神戸空港
2019年度の神戸空港の利用者数は約329万人で全国第11位に躍進したが、神戸市の人口は減少し続けており、神戸空港に経済効果があるのだろうか?
神戸空港の勤務者数
神戸空港 | 大阪空港 | |
勤務者数(従業員数) | 1,069人 | 5,980人 |
事業所数 | 34事業所 | 112事業所 |
勤務者年間給料合計(推定) | 53億円(推定) | 299億円(推定) |
年間空港利用者数(2019年度) | 3,292,298人 | 15,764,661人 |
出典 関西エアポート(2018年12月1日時点)
神戸空港の勤務者の属性については公表されていないが、大阪空港の調査内容では勤務者とは「官公庁職員」「航空会社職員」「旅行代理店(鉄道・バス)職員」「物販・飲食従業員」「建設業従業員(改修工事?)」とされている。
また、勤務者給料合計は1人平均年収500万円で試算した。
神戸空港の年間空港利用者100万人当たり勤務者数は約324人で、大阪空港は約263人となっている。これは「規模の利益」というもので空港でも利用者の多い空港の方が経済効率がいいと言える。
しかも、神戸空港は2014年に航空貨物の取り扱いを中止しているので貨物担当者がいない分、大阪空港よりも空港利用者100万人当たりの勤務者が少なくてもいいはずだが、そうなっていない。
営業収益(売上高) | 26億6300万円 |
営業利益 | 5億400万円 |
経常利益 | 3億7200万円 |
当期純利益 | 3億2200万円 |
出典 関西エアポート神戸(株)
関西エアポート神戸(株)の売上高は約27億円だが、神戸市の資料によると平成28年度の神戸空港の着陸料等収入は10.2億円であり、民営化して収入が16.8億円も増加している。もしかしたら神戸空港のターミナル使用料収入が加算されているのかもしれない。
単位億円(出典 神戸市)
1日80便(40往復)に増便されたことにより、神戸空港の売上高は年間30億円程度に増加するのではないか?
上記では、神戸空港の着陸料や空港ターミナルの賃貸料などを「神戸空港の売上高」としたが、航空会社の運賃収入(売上高)は含まれていないので「航空会社(エアライン)の売上高」を試算してみる。
- 神戸空港~羽田空港の片道運賃を12,000円~14,000円とする
- 神戸空港~新千歳・沖縄の片道運賃を15,000円~20,000円とする
航空運賃だけを購入する以外にもツアー料金として一括で購入することもある。
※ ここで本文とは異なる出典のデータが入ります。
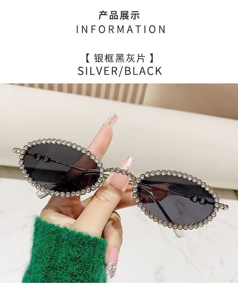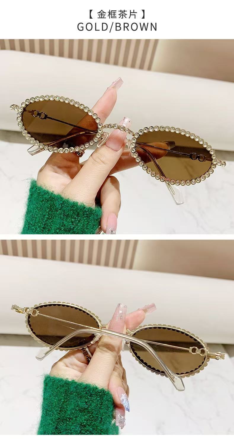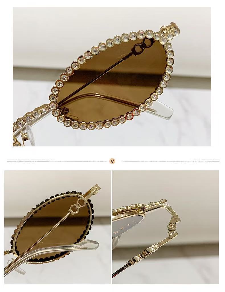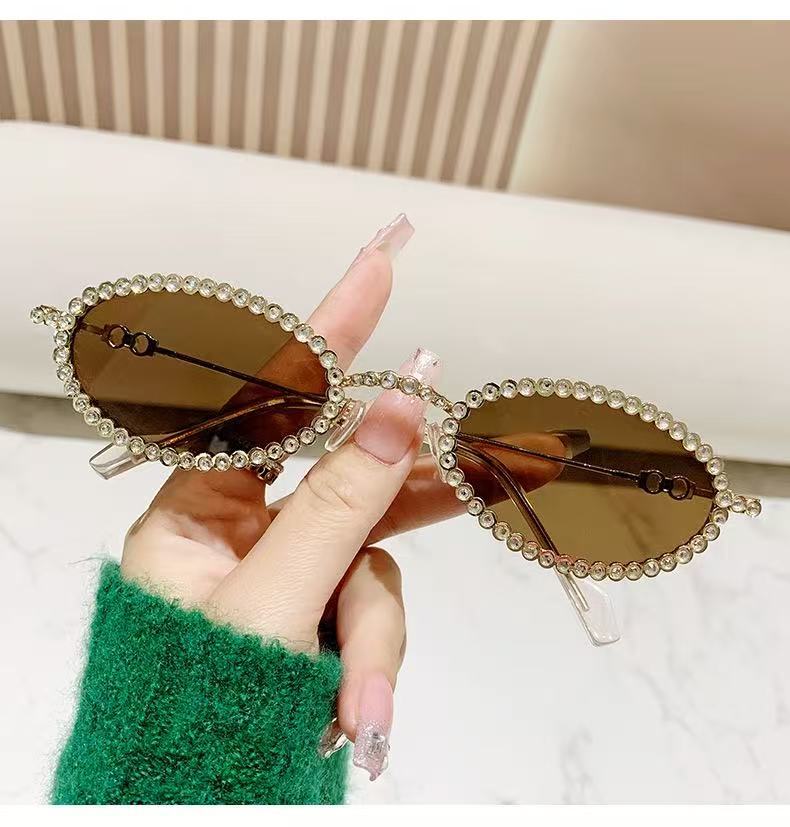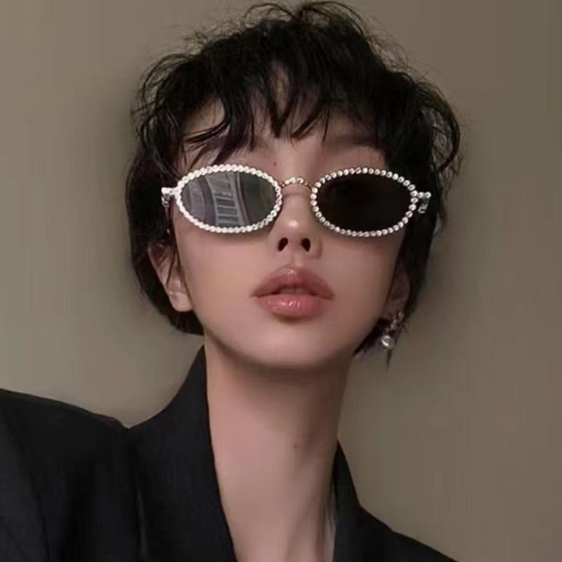 Gafas de Sol Sexy de Alta Gama con Montura Ovalada de Diamantes Completos para Mujer para Tomar Fotos con Forma Cóncava Gafas de Sol Retro de Diamantes
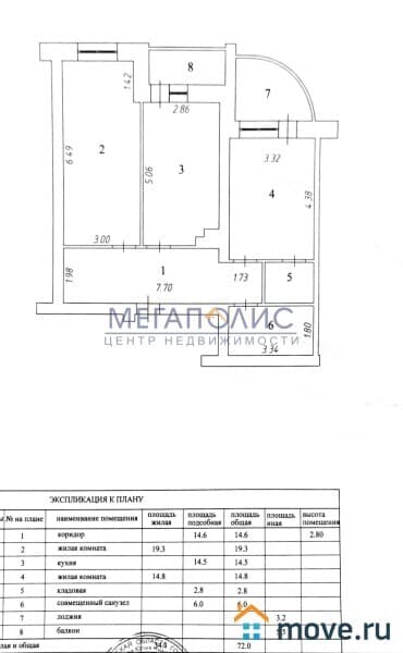 Общая площадь - 72 кв.м., жилая площадь - 34,1 кв.м., кухня - 14,5 кв.м.

その場合の航空運賃部分は一般販売運賃よりも安いことを考慮して、1名片道運賃を平均14,000円で試算してみます。
但し、神戸空港~羽田空港の片道運賃14,000円としても、神戸空港寄与分は1/2の7,000円とする。
2019年度の神戸空港の年間利用者数は3,292,298人なので、エアラインの運賃収入合計は230億4600万円と試算できる。
- 神戸空港の雇用創出効果は1,086人
- 神戸空港の直接経済効果(売上高ベース)は年間257億円
当ブログの試算では、神戸空港は「従業員1,000人、売上高250億円程度の中型ショッピングモール程度」の経済効果しかないと思われる。
「直接の経済効果」以外に神戸空港を利用する観光客などが神戸市内で支出する「波及効果」があるが、そもそも、最も多い大阪圏からの日帰り観光客は神戸空港を利用しない。
また関東圏からの観光客も新幹線の方が便利なので「神戸空港」がなくても不便ではない。
神戸空港の利用者の半数以上は他府県民と予想される。
例えば大阪府民の場合は神戸空港を神戸三宮を素通りして「神戸空港」に直行するので神戸市内への波及効果は限定的だ。
1日80便(40往復)となったことで神戸空港の年間利用者数が100万人増加し年間利用者数が400万人となっても、伊丹空港の年間利用者数1,600万人の4分の1でしかない。
伊丹空港の雇用者数は約6,000人なので、その4分の1としても雇用者は1,500人程度になるだけだ。現在の神戸空港の雇用者数1,086人と比較しても400人の雇用者創出効果しかない。
2020年5月1日時点の神戸市の人口は1,520,668人で2015年からの5年間で-17,192人減少しており、1年平均では-3,438人減少している。
したがって、神戸空港の1日80便への増便により、神戸市の人口減少を食い止めることは期待できない。
神戸空港の増便でなんとなく「神戸経済」が上向くという「ふんわりとした期待感」が漂っているが、冷静に「経済効果」を見極める必要がある。
そのためにも「専門家」に「計算式」を示した上で「経済効果」を試算してもらいたい。